For implementation, call the function itself according to the recurrence relation until we reach the base case. Use memoization to eliminate the duplicate calculation problem, if it exists.

Potential Issues: Duplicate Calculations

If not using recursion wisely, it might get very long computation time due to duplicate calculations.

For example, for computing Fibonacci number using simple recursion, F(4) = F(3) + F(2) = (F(2) + F(1)) + F(2), it computes F(2) twice, F(1) 3 times, and f(0) twice.

graph TD
    f3_f2_f0(("f(0)"))
    f3_f2_f1(("f(1)"))
    f4_f2_f0(("f(0)"))
    f4_f2_f1(("f(1)"))
    f3_f1(("f(1)"))
    f3_f2(("f(2)"))
    f3(("f(3)"))
    f4_f2(("f(2)"))
    f4(("f(4)"))
    f4 --> f3
    f4 --> f4_f2
    f4_f2 --> f4_f2_f1
    f4_f2 --> f4_f2_f0
    f3 --> f3_f2
    f3 --> f3_f1
    f3_f2 --> f3_f2_f1
    f3_f2 --> f3_f2_f0

    style f4_f2 fill:#F2D2BD
    style f3_f2 fill:#F2D2BD
    style f3_f1 fill:#FFBF00
    style f3_f2_f1 fill:#FFBF00
    style f4_f2_f1 fill:#FFBF00
    style f4_f2_f0 fill:#FFE5B4
    style f3_f2_f0 fill:#FFE5B4

The common technique to address this problem is memoization, using additional space to reduce compute time.

Memorization is an optimization technique primarily to speed up computer program by storing the results of expensive function calls and returning the cached result when the same inputs occur again. (Source: wikipedia)

Complexity Analysis

Time Complexity

Given a recursion algorithm, its time complexity \(O(T)\) is

\[O(T) = n O(s)\]

where \(n\) is the number of recursion invocations and \(O(s)\) is the time complexity of calculation in each recursion call.

We can use Execution Tree to figure out the number of recursion calls.
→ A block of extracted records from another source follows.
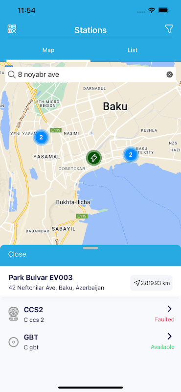 • نقاط شارژ را روی نقشه جستجو کنید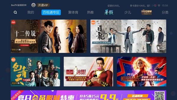 BesTV蜜蜂视频软件内容集成爱奇艺、百视通、爱视、4K花园、Try健身、斗鱼、pptV聚体育等优质资源,并取得百视通牌照授权。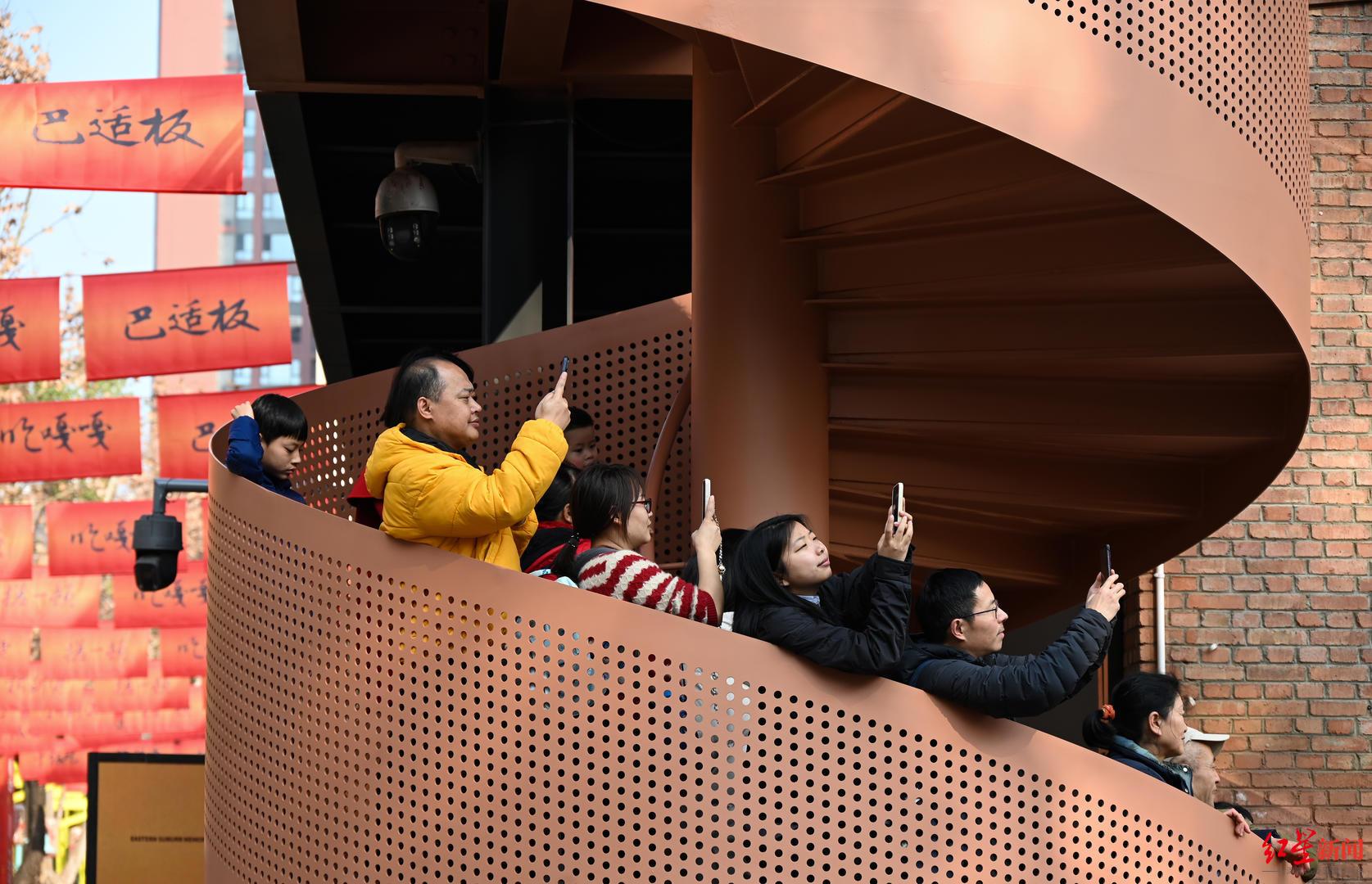 她是看了网上的旅游攻略来东郊记忆的,看着现场那么多人,她觉得自己“没来错”。邬女士表示,她觉得东郊记忆特别复古,又很新潮,活动又多,“春节的感觉到位了。”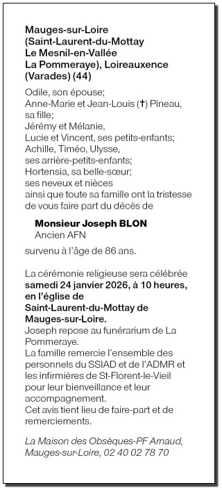Décédé à Saint Laurent du Mottay (49410, France) le mardi 20 janvier 2026 à l'âge de 86 ans

The execution tree of a recursive function would form an n-ary tree, with n as the number of times recursion in each function call. For example, the execution of the Fibonacci function would form a binary tree.

Execution Tree

Execution tree is a tree that is used to denote the execution flow of a recursive function. Each node in the tree represents an invocation of the recursive function. Therefore, the total number of nodes in the tree corresponds to the number of recursion calls during the execution.
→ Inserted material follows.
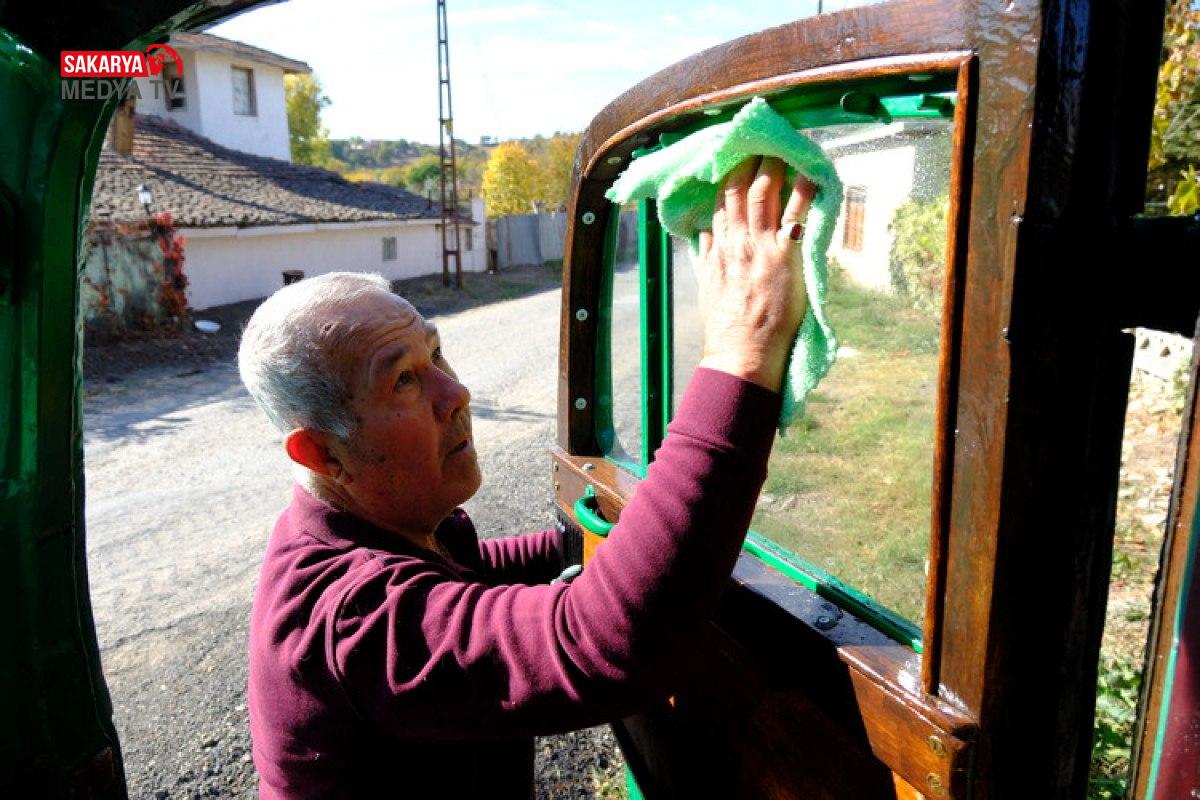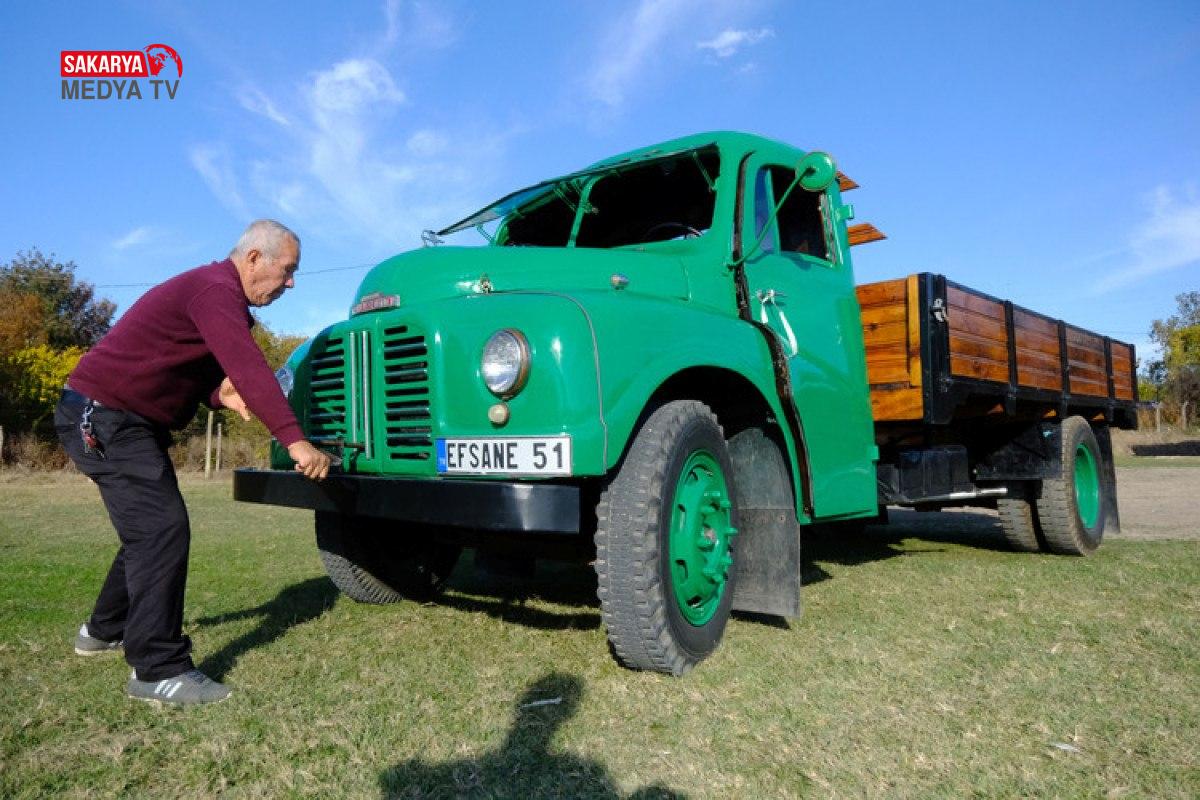 Kamyonun bakımlarını yapan Toraman, kapıları terse açılan ve kol çevrilerek çalıştırılan nostaljik kamyonuna gözü gibi bakıyor.

Memoization is often applied to optimize the time complexity of recursion algorithm by reducing number of recursion calls, i.e., reducing the number of branches in the execution tree.

Space Complexity

The space complexity of a recursive algorithm consists of two parts:

  1. Recursion related space: the stack to keep track of recursive function calls.
  2. Non-recursion related space: memory space (normally in heap) that is not directly related to recursion and is allocated for the global variables.
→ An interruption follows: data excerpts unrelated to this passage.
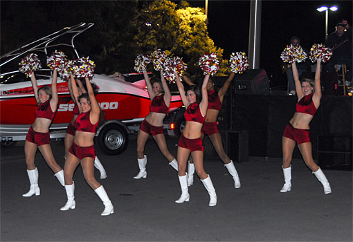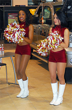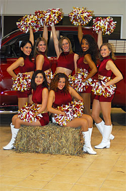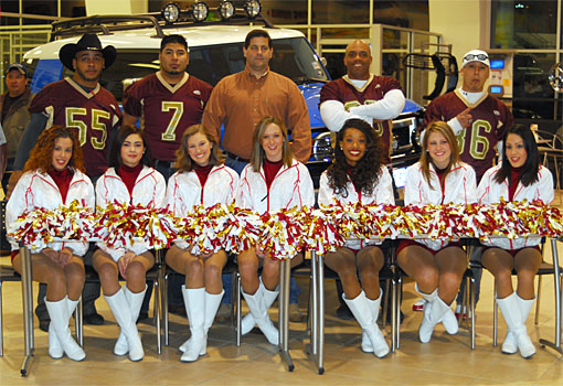 Members of the Warrior Cheerleaders were driven to Red McCombs Toyota in a beautiful limousine courtesy of the San Antonio Warriors Football Organization. The San Antonio Warrior's players and cheerleaders were invited to Red McCombs Toyota to help launch the new Toyota Tundra. The Warrior Cheerleaders autographed their 2007 squad photo, took photos with staff and the public, and performed routines at the Red McCombs tailgate party.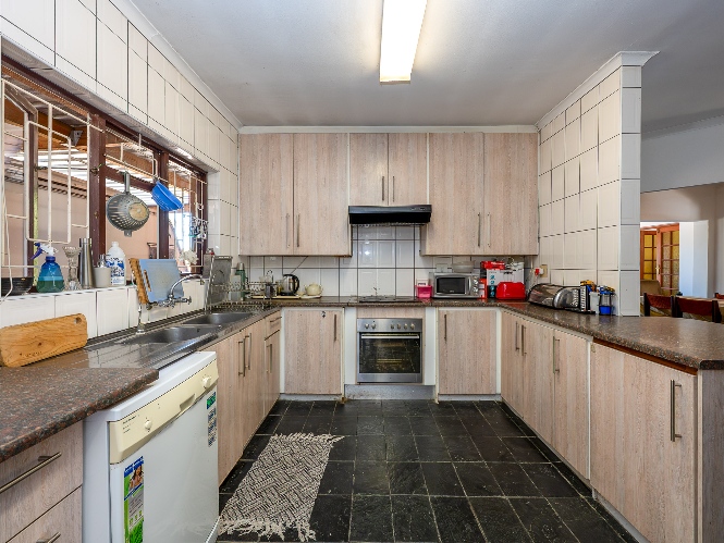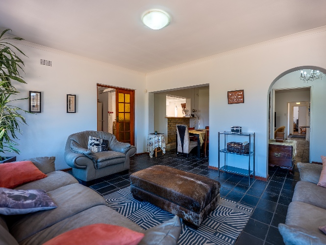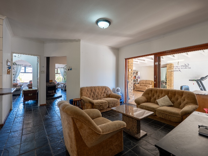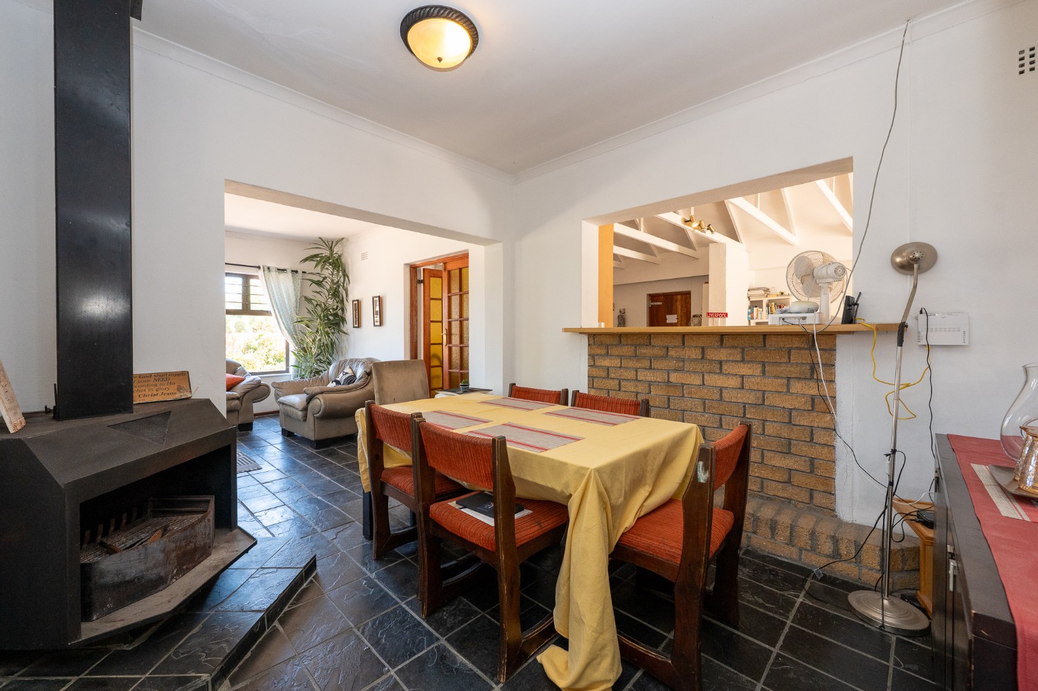 The living areas include a welcoming lounge, ideal for both relaxation and entertaining guests. Just off the lounge, you will find the dining room fitted with a cosy indoor fireplace. In addition, there is a separate TV room that flows to the expansive entertainment room. The home features a modern kitchen complete with a scullery, a fitted stove and oven, one plumbing point, and space for a fridge.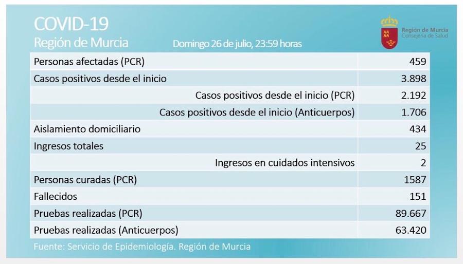 La Comunidad Autónoma no descarta adoptar medidas más restrictivas en Lorca y Mazarrón si continúan los contagios, al igual que en el barrio murciano de San Andrés y en Beniaján. La cifra actual de contagios alcanza los 459 casos (al menos 180 relacionados con el ocio nocturno) y desde el gobierno regional se apunta que ya no es un tema de rebrotes sino que se trata de una expansión del virus.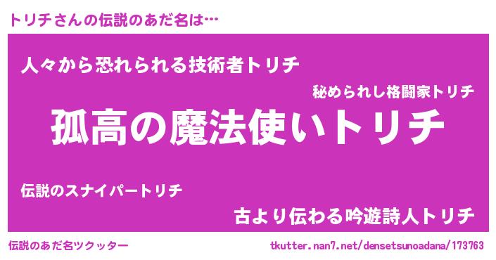 | ポケモン風あだ名 | 『ヒトリチ』『トーリイ』『トリゴンZ』 |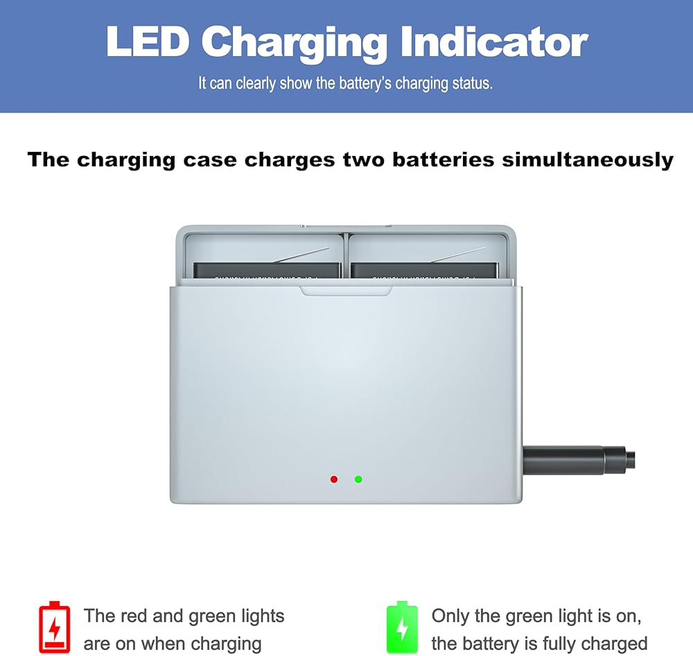🔋إضاءة LED ذكية: عندما يتحول ضوء المؤشر إلى اللون الأخضر، فهذا يعني أن بطارية DJI Osmo Action 3&4 القصوى قد تم شحنها بالكامل، مما يسمح لك بمعرفة حالة الشحن بسهولة.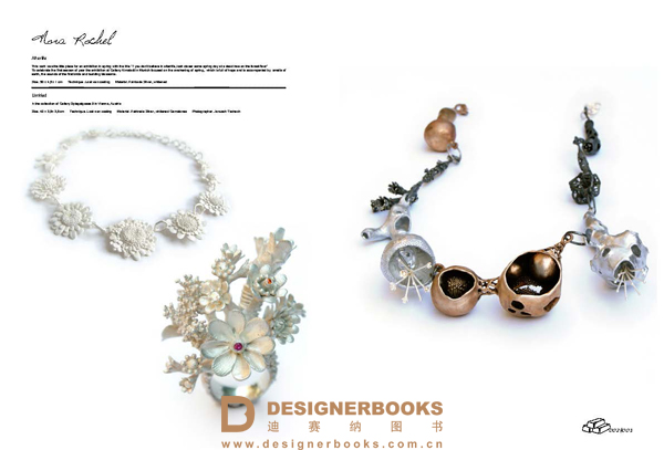 该书精选了来自世界各地50位设计师的新颖首饰作品,包括项链,戒指,腕饰,胸针,耳饰设计等。书中对每件首饰的尺寸,材料,工艺等都做出了介绍。该书的整体规划是按照材质进行分类的,分为:金属/珠宝/玻璃,瓷,陶/木/线/综合,六大类。首饰作品理念上大胆前卫,材料敢于创新,即有唯美清润的作品,也有颠覆性的造型设计。使读者在了解精美的首饰艺术的同时享受一场震撼的视觉盛宴。大约450页的超级信息量,一定会让你大呼过瘾。

Note that memoization will take non-recursion related space to store intermediate results.

Applications

Solve Tree Problem Recursively

Top-Down Solution

Top-down means that in each recursive call, we will visit the node first to come up with some values, and pass these values to its children when calling the function recursively.

top_down(root, params):
    return specific value for null node  # base case
    update the answer if needed
    left_ans = top_down(root.left, left_params)
    right_ans = top+down(root.right, right_params)
    return the answer if needed

Before trying the top-down recursive solution, ask the following two questions:

  1. Can you determine some parameters to help the node know its answer?
  2. Can you use these parameters and the value of the node itself to determine what should be the parameters passed to its children.

Bottom-Up Solution

Bottom-up means that in each recursive call, we will first call the function recursively for all the children nodes and then come up with the answer according to the returned values and the value of the current node itself.

bottom_up(root):
    return specific value for null node
    left_ans = bottom_up(root.left)
    right_ans = bottom_up(root.right)
    calculate answer based on left_ans, right_ans, root.val
    return answers

Before trying the bottom-up recursive solution, ask the following question:

  • If you know the answer of a node's children, can you calculate the answer of that node?